The Casino faction (in German Casino-Fraktion or simply Casino) was a moderate liberal faction within the Frankfurt Parliament formed on 25 June 1848. Like most of the factions in the parliament, its name was a reference to the usual meeting place of its members in Frankfurt am Main. Casino was the largest and most influential faction at Paulskirche. Its members were for the most part national liberals.

Casino was a faction of moderate left-wingers or liberals, or right-centrists. Its members were overwhelmingly drawn from the intelligentsia of Prussia and the rest of Northern Germany, and the group's political positions were closer to those of the right wing in the Prussian assembly than to the center-right there, whose positions corresponded to those of center-left factions at Frankfurt.

With approximately 130 members, it was the largest faction. Members of the group and their publications had played major roles in preparing for and organizing the meeting of the parliament, for example in publicity in the Deutsche Zeitung, a liberal newspaper that came to be the organ of the faction, and participation in the Heppenheim Meeting, the Heidelberg Assembly, and the Vorparlament, the preliminary assembly that met in the Paulskirche from 31 March to 3 April 1848. They also had a decisive influence on the work of the parliament, especially the Frankfurt Constitution that it produced. The majority of the Casino members joined with the Westendhall faction to form the coalition of Erbkaiserliche (hereditary imperialists) that met in the concert hall of the Gasthof zum Weidenbusch and pushed through the specification of constitutional monarchy as the preferred political form of the sought-after national state. Casino also influenced the eventual adoption of a more restricted franchise than advocated by the republican groups. Members included a large number of prominent politicians: Heinrich von Gagern and Eduard von Simson, both of whom served as President of the assembly, Friedrich Daniel Bassermann, chairman of the committee that wrote the constitution, and other liberals and right-wing liberals such as Hans Adolf Erdmann von Auerswald, Hermann von Beckerath, Friedrich Christoph Dahlmann, Johann Gustav Droysen, Georg Gottfried Gervinus, Friedrich von Raumer, August Hergenhahn, Felix Lichnowsky, Karl Mathy, Gustav von Mevissen, Alexander von Soiron, Georg Waitz, and Carl Theodor Welcker.

In September 1848, the Landsberg faction split off from Casino; its members advocated a more prominent role for the national assembly.
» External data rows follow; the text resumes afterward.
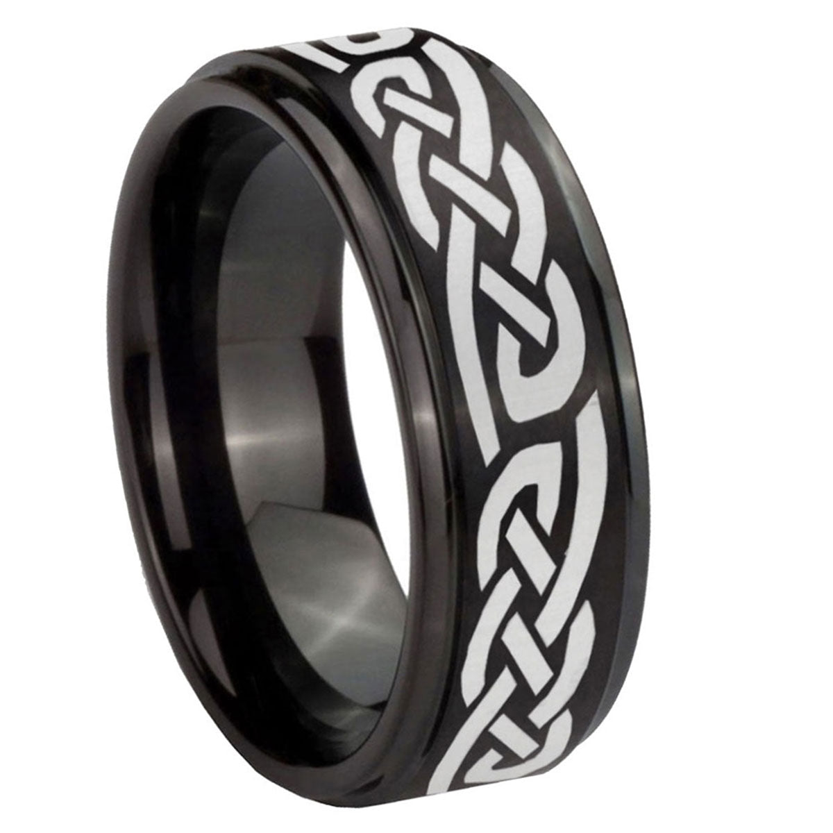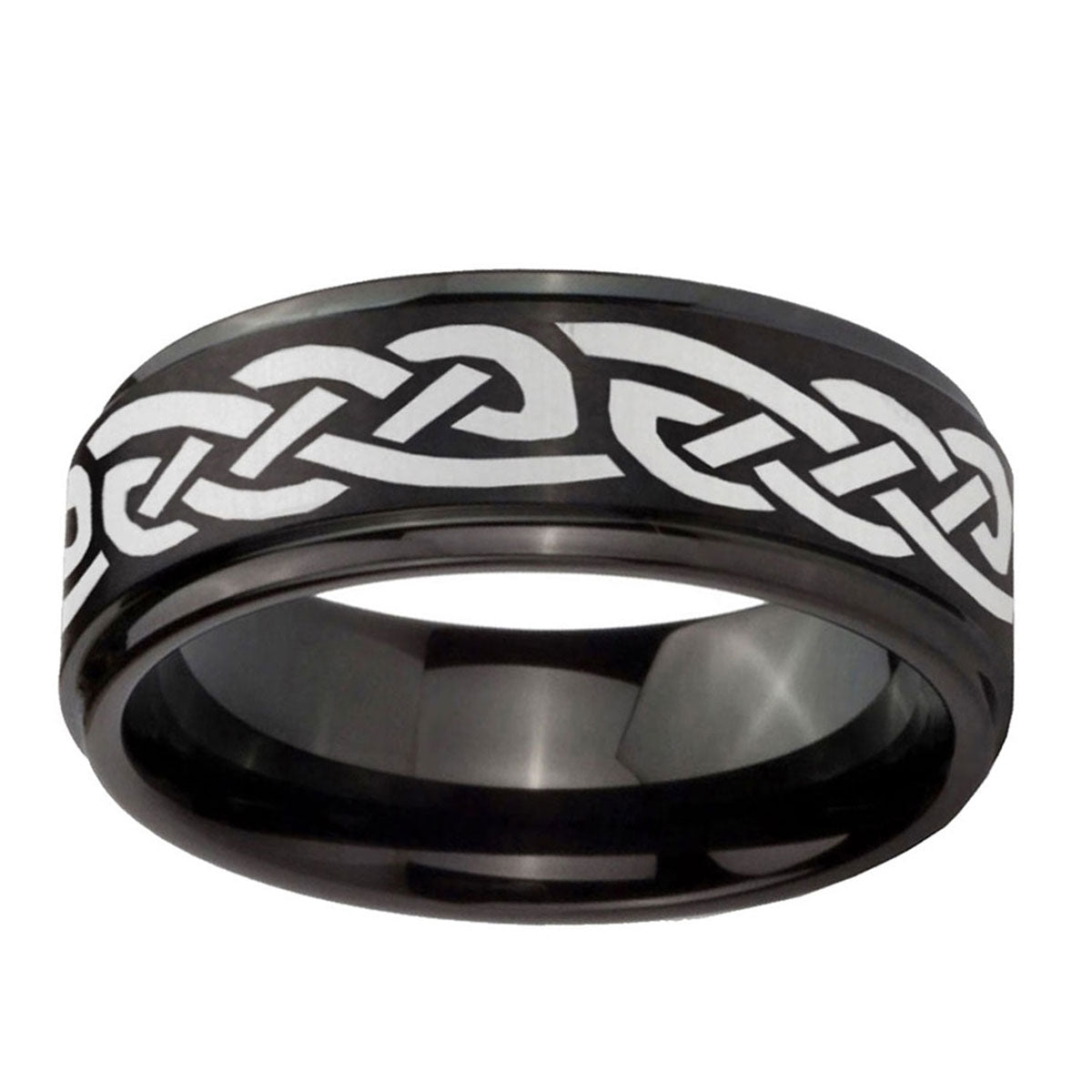 10mm Celtic Knot Infinity Love Step Edges Brush Black Tungsten Men's Promise Rings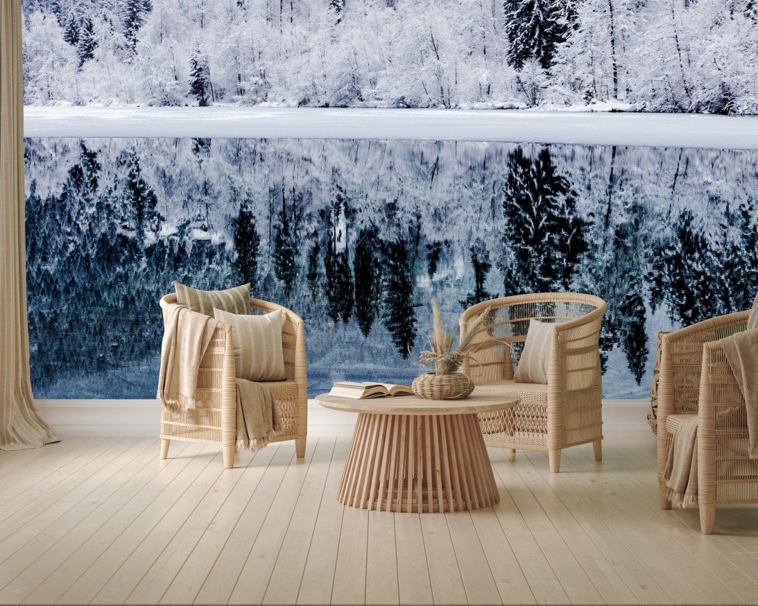 Fototapeta Zimowe jezioro z odbiciem w śnieżnym lesie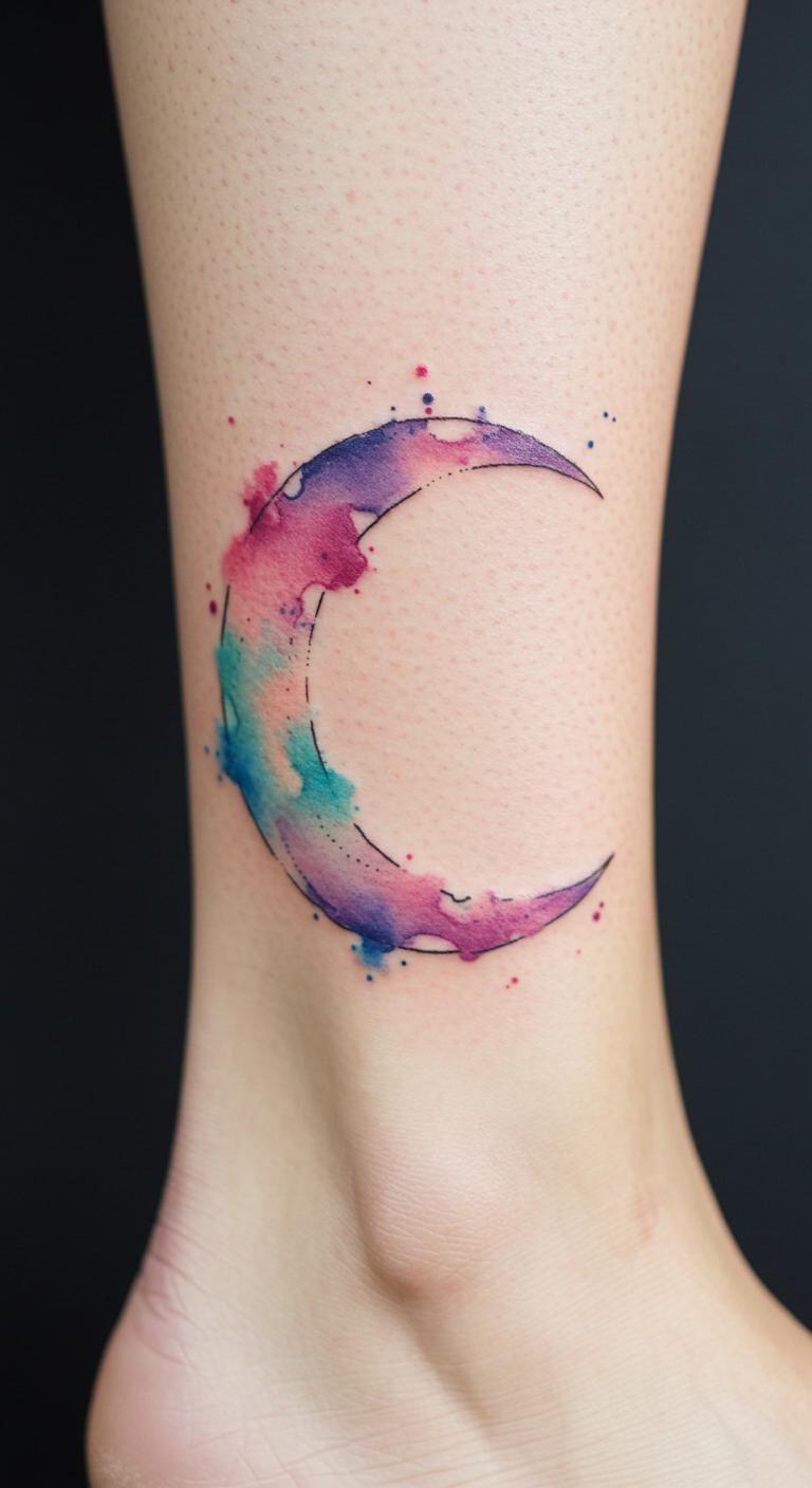 A watercolor crescent brings color softly. See blended hues in a moon shape. Ankle works for this playful design. Experiment with watercolors on paper. Water-based markers from school supplies mimic it cheaply. Draw and wash off. Break down: layer colors lightly. Start with primary colors for mixing. Artists charge $80-$150. Seal with sunscreen. It’s great for artistic vibes.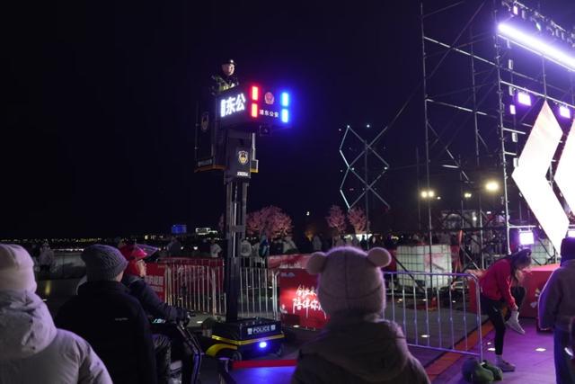 围绕当晚大客流的精准管控,临港新城派出所民警袁超介绍:“我们这次在滴水湖地铁站旁启用了警用升降车,相当于在高空设置了一个‘智慧眼睛’。通过它,指挥中心可以实时掌握各个观赏区域的人流密度和移动趋势。一旦发现局部区域人流过于密集,我们立刻就能通过对讲机,调度最近的地面警力前去引导和分流,实现‘高空监测、地面联动’的快速反应。这套方法让我们的安保工作从‘凭经验’转向‘看数据’,调度更科学,处置也更精准,确保了整场活动既安全又有序。”

Following the resignation of the Austrian deputy Anton von Schmerling on 21 December 1848, the Casino members who preferred a "Greater Germany" including Austria likewise split off under the leadership of Karl Jürgens and formed the more conservative Pariser Hof.

Jacob Grimm was nominally a member of the Casino faction, but after the 5 September 1848 vote, spearheaded by Dahlmann, rescinding the Malmö ceasefire between Prussia and Denmark, he took leave of absence and then resigned as a deputy.

Unlike most of the factions, the Casino's meeting place was not an inn or cafe, but a self-improvement and networking club.